COLUMN_1 COLUMN_2 "SUM"
1 A 1.10
1 B 2.35
2 A 7.77

Now let’s do a GROUP BY with ROLLUP:

SELECT   column_1,
         column_2,
         SUM(column_3) AS "SUM"
FROM     Table_1
GROUP BY ROLLUP(column_1,column_2);

This time, the result is:

COLUMN_1 COLUMN_2 "SUM"
1 A 1.10
1 B 2.35
1 NULL 3.45
2 A 7.77
2 NULL 7.77
NULL NULL 11.22

In addition to the same groups returned by the ordinary GROUP BY, GROUP BY ROLLUP gets a group of each group: the group of COLUMN_1 “1” values (with a NULL for the grouping of “A” and “B” in COLUMN_2), the group of COLUMN_1 “2” values (with a NULL for the grouping of “A” in COLUMN_2) and the group of COLUMN_1 “1” and “2” values (with a NULL for the grouping of “A” and “B” in COLUMN_2).

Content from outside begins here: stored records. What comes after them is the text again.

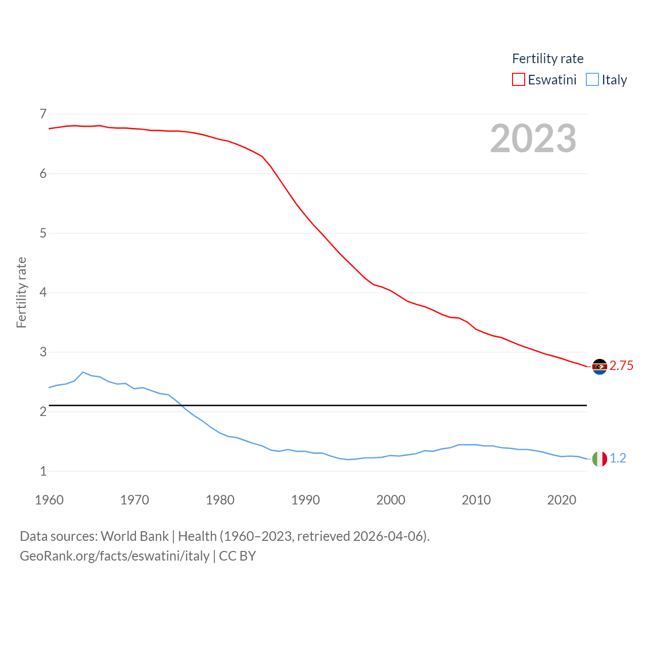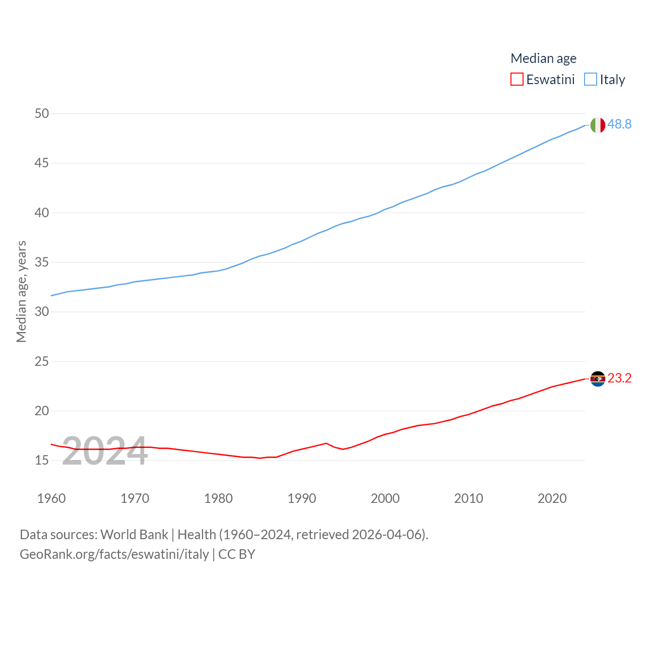Eswatini has a population of 1.24M (ranked 157/197), compared with 59M in Italy (ranked 25/197). Eswatini's land area is 6,641 sq mi versus 114,178 sq mi for Italy (ranked 154th vs. 72nd).
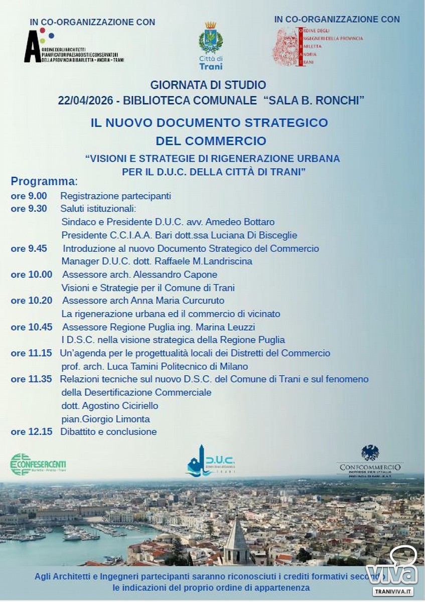 Trani si prepara ad ospitare una giornata ricca di appuntamenti, suddivisa in due segmenti nella giornata di mercoledì 22 aprile, per un confronto a più voci sul momento di profondo cambiamento che sta interessando il commercio a livello globale organizzata dal Distretto Urbano del Commercio di Trani con la coorganizzazione degli Ordini professionali di Architetti ed Ingegneri, impegnati nella prima parte del dibattito, con un parterre di ospiti illustri che discuteranno delle strategie e delle soluzioni possibili per il futuro del commercio di prossimità partendo dai due temi principali: la desertificazione commerciale e il documento strategico del commercio del Comune di Trani.
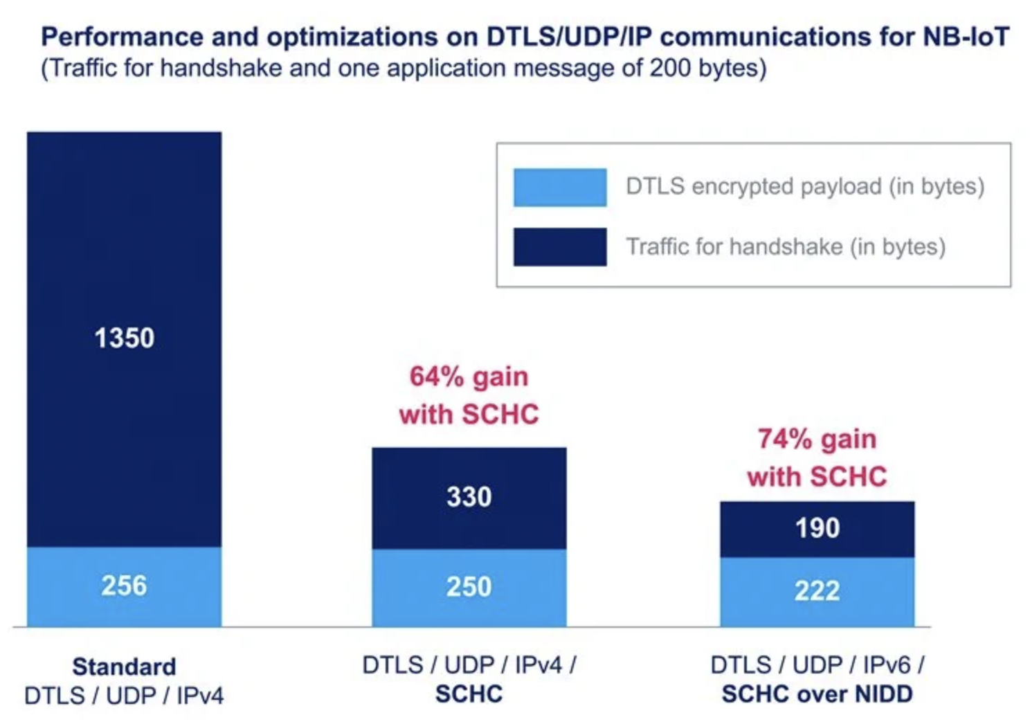 Le NB-IoT, de son côté, est une technologie LPWAN qui réduit le débit et la longueur des paquets de protocole échangés sur les réseaux cellulaires pour atteindre une longue portée et une faible consommation d'énergie. Pour optimiser les performances du NB-IoT, la norme 3GPP Cellular IoT permet à un appareil IoT cellulaire d'éliminer tous les en-têtes IP et d'envoyer uniquement la charge utile des paquets au travers du réseau d'un opérateur. Parallèlement la livraison de données non-IP NIDD est une méthode de communication optionnelle disponible sur un nombre croissant de réseaux NB-IoT qui elle aussi permet de réduire la consommation d’énergie globale d’une liaison.
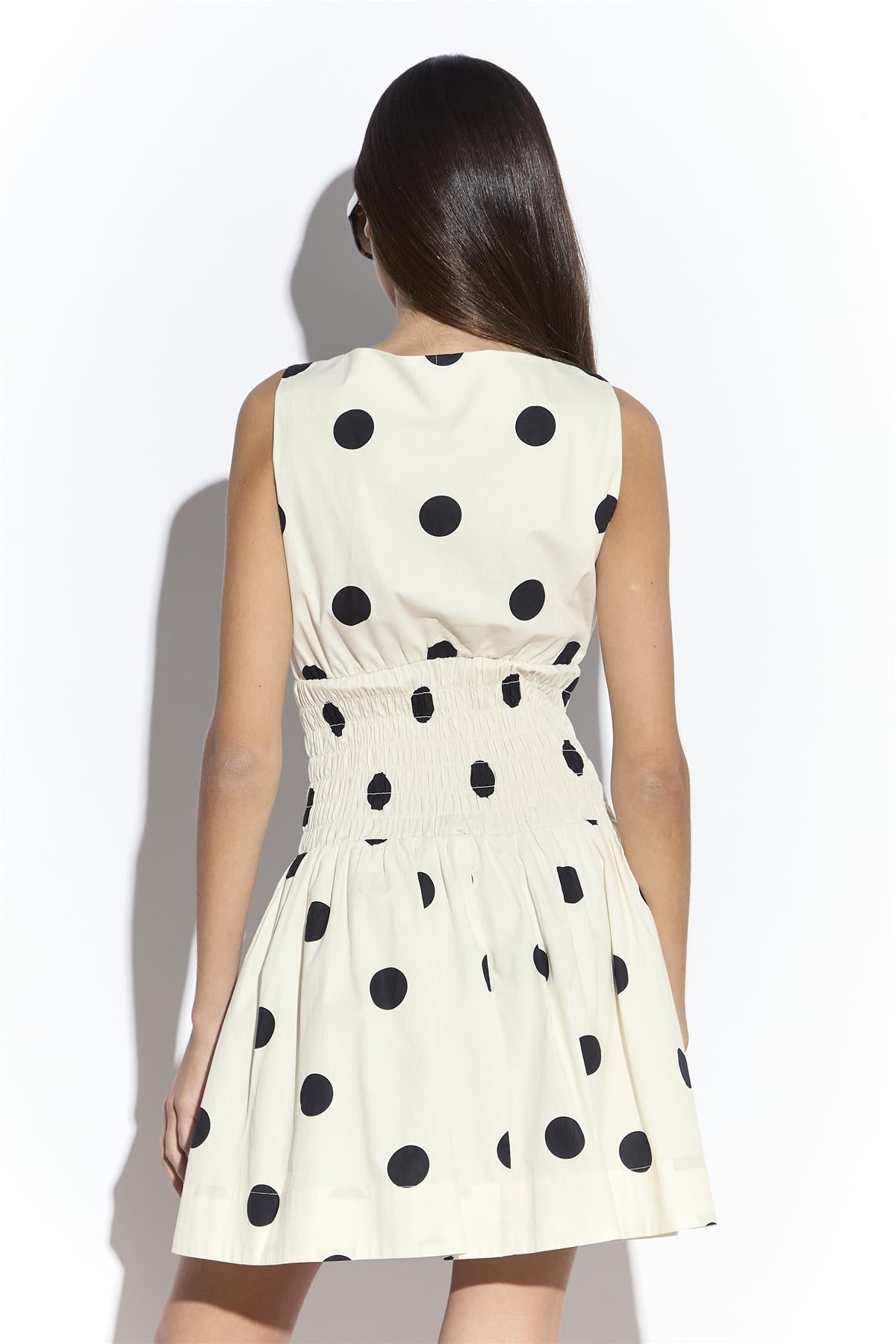 Narrated Women's Cream Spot Smocked Waist Mini Dress - Cream Spot. A perfect balance of relaxed charm and flattering shape, this mini dress brings effortless style to any occasion. The boat neckline creates a subtle, elegant frame for the shoulders, while the sleeveless cut keeps the look light and easy to wear. The smocked waist adds definition and a touch of structure, ensuring a comfortable yet flattering fit that moves with you. Designed to highlight simplicity and feminine detail, this piece offers versatility and ease. Style with delicate sandals or sleek flats for a polished, understated finish that feels naturally confident.

Finally, let’s do a GROUP BY with CUBE:

SELECT   column_1,
         column_2,
         SUM(column_3) AS "SUM"
FROM     Table_1
GROUP BY CUBE(column_1,column_2);

This time, the result is:

COLUMN_1 COLUMN_2 "SUM"
1 A 1.10
1 B 2.35
1 NULL 3.45
2 A 7.77
2 NULL 7.77
NULL A 8.87
NULL B 2.35
NULL NULL 11.22

In addition to the same groups returned by the GROUP BY ROLLUP, GROUP BY CUBE gets a group of each combination of groups: the group of COLUMN_1 “1” values, the group of COLUMN_1 “2” values, the group of COLUMN_2 “A” values (with a NULL for the grouping of “1” and “2” in COLUMN_1) and the group of COLUMN_2 “B” values (with a NULL for the grouping of “1” in COLUMN_1).

If you want to restrict your code to Core SQL, don’t use ROLLUP or CUBE, and don’t add a COLLATE clause to any grouping Column reference.

Set Functions

The SQL set functions – more commonly called aggregate functions – are AVG, COUNT, MAX, MIN, SUM, EVERY, ANY, SOME. Each one takes the collection of values from a Column and reduces the collection to a single value. The required syntax for a set function specification is:

<set function specification> ::=
<general set function> |
COUNT(*) |
<grouping operation>

      <general set function> ::=
      <set function type> ([ {DISTINCT | ALL} ] Column expression)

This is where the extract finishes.